= Kulb =

Kulb is a village on the Nile in northern Sudan. It has been inhabited since the time of the Christian kingdom of Makuria. Until the 15th century, it was in a remote area, serving as a retreat for Christians in Nubia. The domed Kulubnarti church, 21-S-1, is the only known example of a Christian center plan building in Lower Nubia.

==Geography==
Kulb is located about 130 km south of Wadi Halfa. It sits just north of the Dal Cataract, which is situated between the 2nd and 3rd cataracts. There are two districts, one on the left (west) and another on the right (east) banks of the Nile, called Kulb West and East Kulb accordingly. Between them lies the 1 km long island of Kulubnarti. Kulb is situated in the stony Batn-El-Hajar region, and is characterized as being a craggy and barren rocky area.

==History==
In ancient Egyptian times, Kulb was the southernmost point for metal miners who searched for copper ore and gold for the Pharaohs.
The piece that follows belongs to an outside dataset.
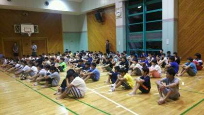 岩井臨海学園2日目のレクリエーションの最後に岩井学園卒業式を行いました。各クラスの代表の言葉と、全員の感謝を認めた色紙を職員の代表の方に渡しました。小4,、5年と今回で3回目の岩井学園、感慨深いものです。このあとは、各部屋で部屋会議を行い、就寝準備となります。 公開日 2016/07/26 更新日 2016/07/26 学校生活
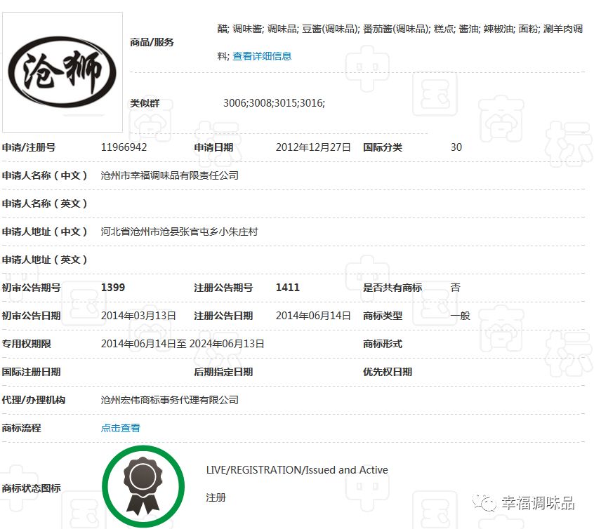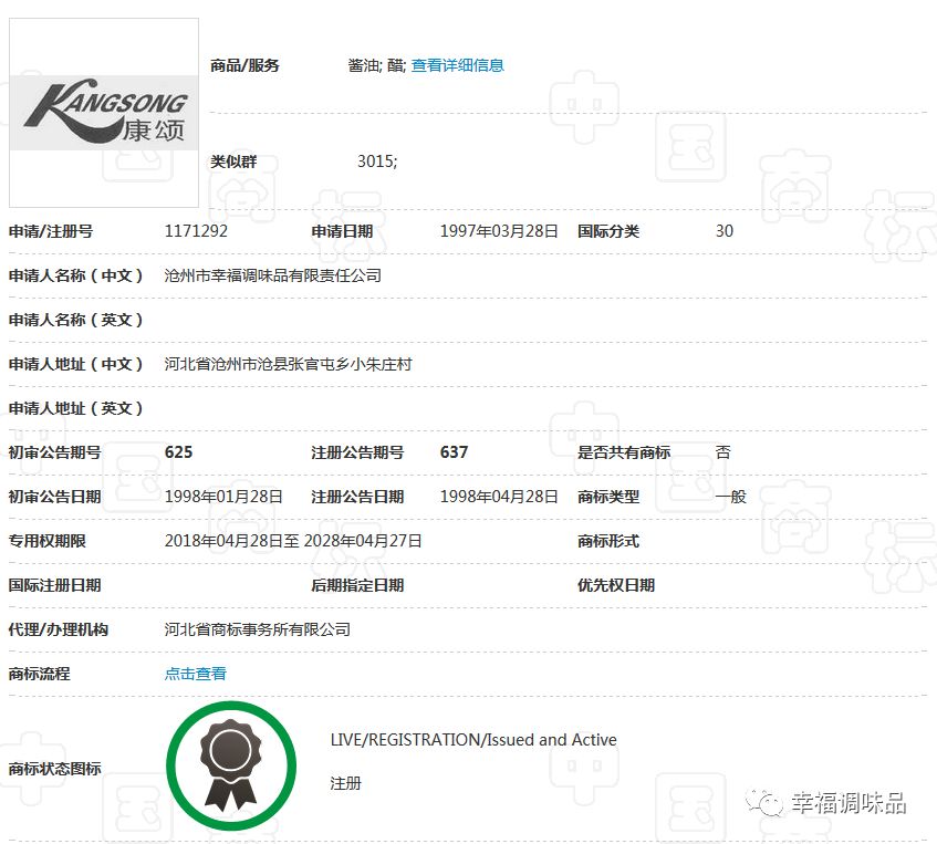 幸福調(diào)味品自創(chuàng)辦30多年以來,在工商部門指導(dǎo)下,充分認(rèn)識(shí)到商標(biāo)品牌的重要性,始終堅(jiān)持走創(chuàng)品牌的路子。公司的“康頌”商標(biāo)于1997年在30類,糖、茶、糕點(diǎn)、調(diào)味品類獲核準(zhǔn)注冊(cè)后,并根據(jù)市場(chǎng)需要,先后又注冊(cè)了包括“滄獅”中文及拼音在內(nèi)的等商標(biāo);形成了涵蓋多類別、多商品、多層次的商標(biāo)品牌庫。

During the 4th and 5th Dynasties of Egypt, the Ancient Egyptians quarried from the northern Wadi Allaqi large amounts of copper, leaving rock inscriptions naming Kulb by two officials, "Overseer of the metal detector" (LMY-r smntyw) and a "scribe of the metal detector" (SŠ smntyw). They were apparently responsible for the collection of gold, as their titles indicate that the search for raw materials in Nubia was organized as a state enterprise. From the Roman period, the granite mountains of the Batn-El-Hajar separated the area culturally from the Egyptian influenced Upper Nubia. Kulubnarti has been inhabited since about 1100 AD. It was used until the end of the Christian kingdom of Makuria as a retreat for Christians in Nubia. A fortress on the island may have existed even before that time.

==Excavations==
The first sketches of the domed church were made in the beginning of the 20th century by the English Egyptologist Somers Clarke, who published his findings in 1912 in Christian Antiquities in the Nile Valley. The domed church was excavated in early 1968 under the direction of James Knudstad. In March 1964, the island was examined and surveyed by Friedrich Wilhelm Deichmann, Erich Dinkler, Peter Grossman, and other members of the German Archaeological Institute Cairo. In 1969 and 1979, William Adams Yewdale led the University of Kentucky team in extensive excavations on the island and on the adjacent mainland. In January–February 1967, Dinkler and Grossman excavated in the southern area of the Batn-El-Hajar. This was followed in the years 1968 and 1969 with two excavation campaigns at Kulb, and on the two northern islands of Sunnarti and Turmuki. It was during this excavation that the perimeter wall of the Kulb fort and some building remains were located. Excavations in the area of research showed evidence of prehistoric culture of the A-group to the Islamic period.